Fields Medal genealogy
BLOG: Heidelberg Laureate Forum
Cédric Villani, one of the Fields Medal winners attending the Heidelberg Laureate Forum, studied with Pierre-Louis Lions, who was also a Fields Medal winner. Is it common for medalists to have students who go on to be medalists?
You might expect so, since it’s plausible that the best mathematicians would have the best students.
But you might also expect regression to the mean. As with physical genealogy, exceptional parents tend to have less exceptional children.
So which is it? How many academic “father-son” pairs have won the Fields Medal? While we’re at it, how many academic siblings have there been?
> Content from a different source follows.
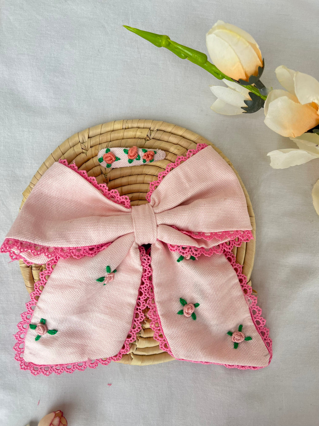 Pink Embroidered Bow

Fields medalist Michael Atiyah’s student Simon Donaldson is also a medalist. There has been one example of three academic generations of Fields medalists: Laurent Schwartz’s student Alexander Grothendieck was the advisor of Pierre Deligne. So the complete list of “father-son” Fields medalists is
- Schwartz / Grothendieck
- Grothendieck / Deligne
- Atiyah / Donaldson
- Lions / Villani.
There have been five pairs of medalists who studied under the same advisor:
- Jean-Pierre Serre and René Thom were students of Henri Cartan.
- Stephen Smale and Daniel Quillen were students of Raoul Bott.
- Heisuke Hironanka and David Mumford were students of Oscar Zariski.
- Charles Fefferman and Terence Tao were students of Elias Stein.
- Ngô Bảo Châu and Laurent Lafforgue were students of Gérard Laumon.
Not many people have won Fields Medals, 54 so far, and yet there has been a fair number of academic familial relationships.
The data for this post came from the Mathematical Genealogy Project.
See this post for the analogous analysis for Turing Award winners. The relationships between Turing winners is more complex. http://www.scilogs.com/hlf/turing-award-genealogy/
Can this post be updated to change “father-son” to “parent-child”, in light of McMullen-Mirzakhani?